▸ **What needs to be done**: Although the listing contains pictures, reproduce only its text, exactly as written.

▸ **Data for the task**:

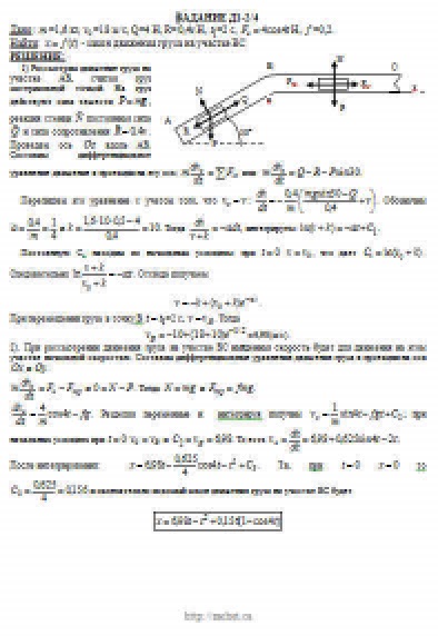 Груз D массой m, получив в точке A начальную скорость v0 движется в изогнутой трубе AВС, расположенной в вертикальной плоскости; участки трубы или оба наклонные, или один горизонтальный, а другой наклонный (рис. Д1.0 — Д1.9, табл. Д1). На участке AВ на груз кроме силы тяжести действуют постоянная сила Q (ее направление показано на рисунках) и сила сопротивления среды R, зависящая от скорости v груза (направлена против движения); трением груза о трубу на участке AВ пренебречь. В точке В груз, не изменяя своей скорости, переходит на участок ВС трубы, где на него кроме силы тяжести действуют сила трения (коэффициент трения груза о трубу f = 0,2) и переменная сила F, проекция которой Fx на ось х задана в таблице. Считая груз материальной точкой и зная расстояние AВ = l или время t1 движения груза от точки А до точки В, найти закон движения груза на участке ВС, т. е. х = f(t), где х = BD.
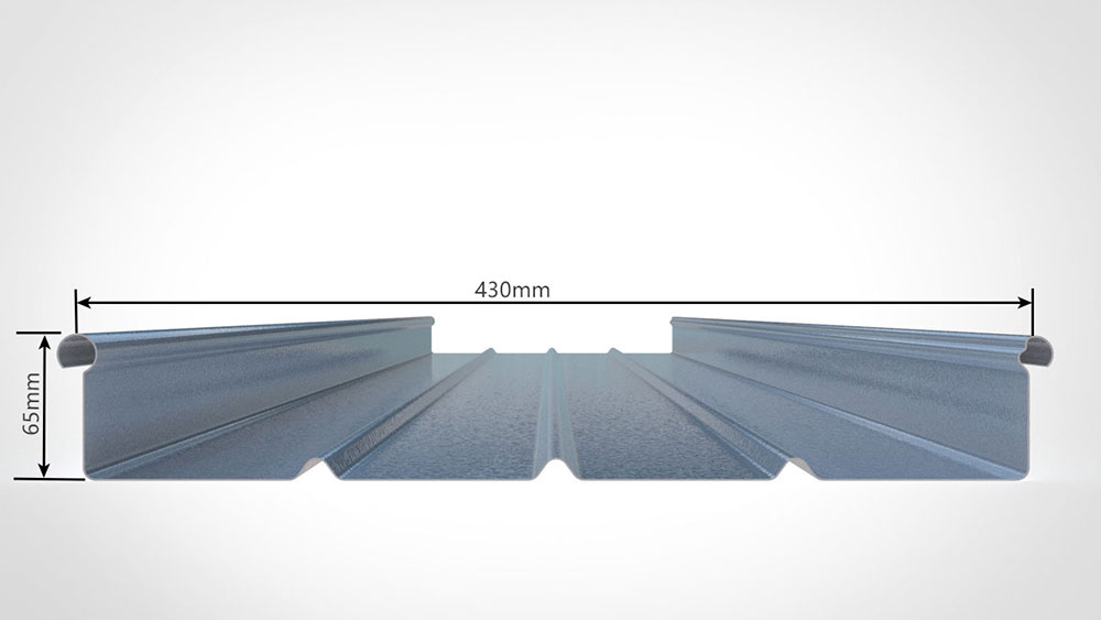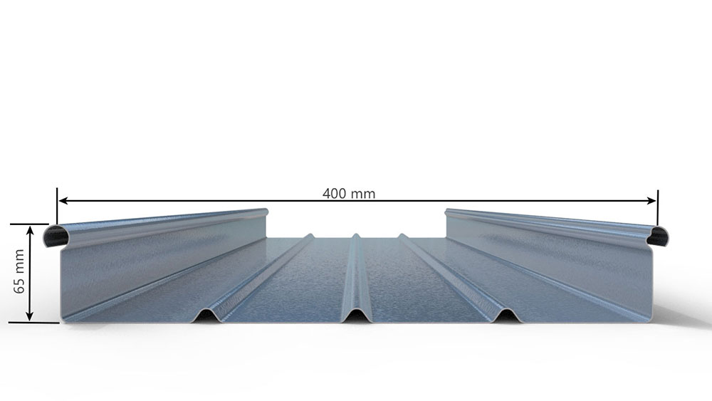 先進的直立鎖邊連接方式,無螺釘穿透,65mm肋高,确保極其優良的密水性能及防雨雪滲漏能力;
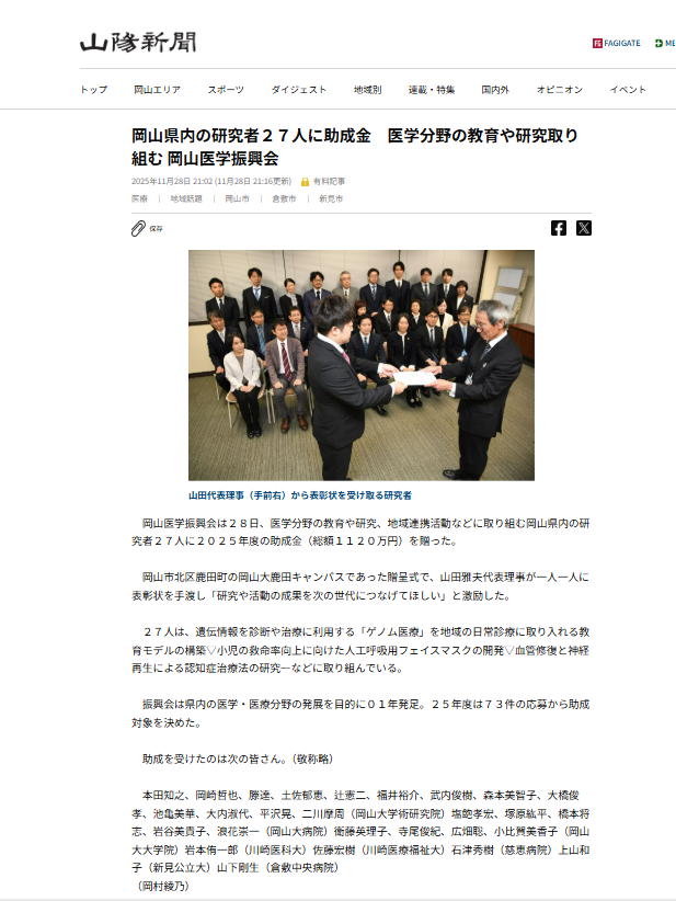 2025‐7年度 第25回公募助成式が岡山大学医学部第10カンファレンス室にて開催されました 2025.12.1
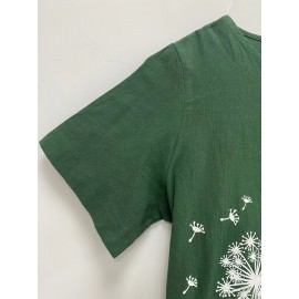Dandelion Print Blouse, Casual Crew Neck Short Sleeve Blouse For Spring & Summer, Women's Clothing
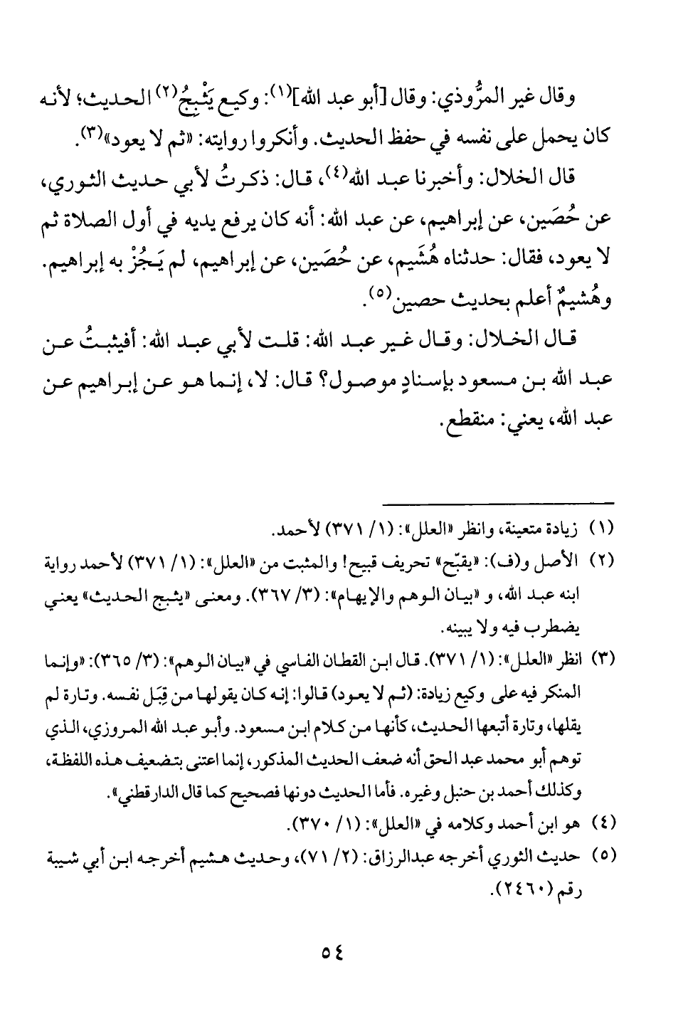 وهُشَيمٌ أعلم بحديث حصين (5).

▸ **Response**:
 Груз D массой m, получив в точке A начальную скорость v0 движется в изогнутой трубе AВС, расположенной в вертикальной плоскости; участки трубы или оба наклонные, или один горизонтальный, а другой наклонный (рис. Д1.0 — Д1.9, табл. Д1). На участке AВ на груз кроме силы тяжести действуют постоянная сила Q (ее направление показано на рисунках) и сила сопротивления среды R, зависящая от скорости v груза (направлена против движения); трением груза о трубу на участке AВ пренебречь. В точке В груз, не изменяя своей скорости, переходит на участок ВС трубы, где на него кроме силы тяжести действуют сила трения (коэффициент трения груза о трубу f = 0,2) и переменная сила F, проекция которой Fx на ось х задана в таблице. Считая груз материальной точкой и зная расстояние AВ = l или время t1 движения груза от точки А до точки В, найти закон движения груза на участке ВС, т. е. х = f(t), где х = BD.
 先進的直立鎖邊連接方式,無螺釘穿透,65mm肋高,确保極其優良的密水性能及防雨雪滲漏能力;
 2025‐7年度 第25回公募助成式が岡山大学医学部第10カンファレンス室にて開催されました 2025.12.1
Dandelion Print Blouse, Casual Crew Neck Short Sleeve Blouse For Spring & Summer, Women's Clothing
 وهُشَيمٌ أعلم بحديث حصين (5).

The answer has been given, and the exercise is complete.